I work in a school and I have summers off. I love having summers off.
I HATE the month before school ends. Everyone is insane. The kids don’t want to be in school and this results in things as innocuous as inattention and things as irritating as children running through the halls, screaming and punching things. The adults are just as bad. They’re stressed and irritable.There’s no air conditioning in our building so everyone is hot and sweatie and miserable about that.
There are nineteen days left. There’s about 12 field trips in those nineteen days. and Field Day. How I loathe field day… but it’s only 19.
And I know, I used to work all year and there was never a problem. Maybe there’s something wrong with me, but these kids take it out of me. Caring as hard as they do about all their weird complaints. dealing with their unending drama, their rage.

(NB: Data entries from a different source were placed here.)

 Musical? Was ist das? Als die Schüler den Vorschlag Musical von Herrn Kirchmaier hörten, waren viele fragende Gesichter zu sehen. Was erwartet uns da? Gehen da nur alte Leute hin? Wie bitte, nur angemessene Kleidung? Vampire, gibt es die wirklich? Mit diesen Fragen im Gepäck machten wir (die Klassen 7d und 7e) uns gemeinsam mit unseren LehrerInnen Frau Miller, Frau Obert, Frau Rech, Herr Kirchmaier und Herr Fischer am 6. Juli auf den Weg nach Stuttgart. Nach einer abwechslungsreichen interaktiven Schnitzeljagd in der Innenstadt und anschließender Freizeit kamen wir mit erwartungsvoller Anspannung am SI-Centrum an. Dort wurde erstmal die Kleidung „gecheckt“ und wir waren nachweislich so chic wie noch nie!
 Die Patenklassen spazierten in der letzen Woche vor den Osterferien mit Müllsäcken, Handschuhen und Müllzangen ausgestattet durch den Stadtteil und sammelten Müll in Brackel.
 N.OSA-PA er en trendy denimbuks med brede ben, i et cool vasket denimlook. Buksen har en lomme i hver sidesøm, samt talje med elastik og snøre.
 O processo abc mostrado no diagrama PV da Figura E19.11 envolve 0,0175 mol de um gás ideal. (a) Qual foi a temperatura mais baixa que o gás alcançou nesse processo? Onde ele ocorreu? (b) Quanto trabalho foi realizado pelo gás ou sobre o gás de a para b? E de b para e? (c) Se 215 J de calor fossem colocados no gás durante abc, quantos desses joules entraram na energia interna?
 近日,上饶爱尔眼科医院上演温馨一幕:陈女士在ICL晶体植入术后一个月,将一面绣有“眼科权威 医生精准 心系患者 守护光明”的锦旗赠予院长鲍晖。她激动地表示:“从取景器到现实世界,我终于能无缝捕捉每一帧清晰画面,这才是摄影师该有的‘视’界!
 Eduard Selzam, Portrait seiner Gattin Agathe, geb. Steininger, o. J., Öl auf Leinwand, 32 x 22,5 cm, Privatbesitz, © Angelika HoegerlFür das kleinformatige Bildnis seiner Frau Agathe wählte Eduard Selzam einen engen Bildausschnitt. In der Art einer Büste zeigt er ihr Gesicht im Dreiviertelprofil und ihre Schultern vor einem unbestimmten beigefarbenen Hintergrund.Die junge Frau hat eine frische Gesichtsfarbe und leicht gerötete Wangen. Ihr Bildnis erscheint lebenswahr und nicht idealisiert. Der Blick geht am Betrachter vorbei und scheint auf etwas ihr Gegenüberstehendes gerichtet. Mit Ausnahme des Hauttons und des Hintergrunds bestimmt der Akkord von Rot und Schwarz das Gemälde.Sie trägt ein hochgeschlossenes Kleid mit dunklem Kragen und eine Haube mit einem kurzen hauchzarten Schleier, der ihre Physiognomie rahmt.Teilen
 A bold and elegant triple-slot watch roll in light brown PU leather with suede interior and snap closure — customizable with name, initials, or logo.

The lying… specificallie the BAD lying. If you MUST lie to me, do a decent job. Don’t use words you don’t know the definitions of. Don’t make up stories about things you don’t know about. (heart pain on the right side is a favorite) Just don’t lie, franklie. I’m not unreasonable. I’ll let you bail on 20 minutes of class. But lying to me just makes me never believe anything you say, and someday you might need me to.
Anyways. Nineteen Days. I can do this. One period at a time. It’s only 45 minutes. What could possibly go wrong?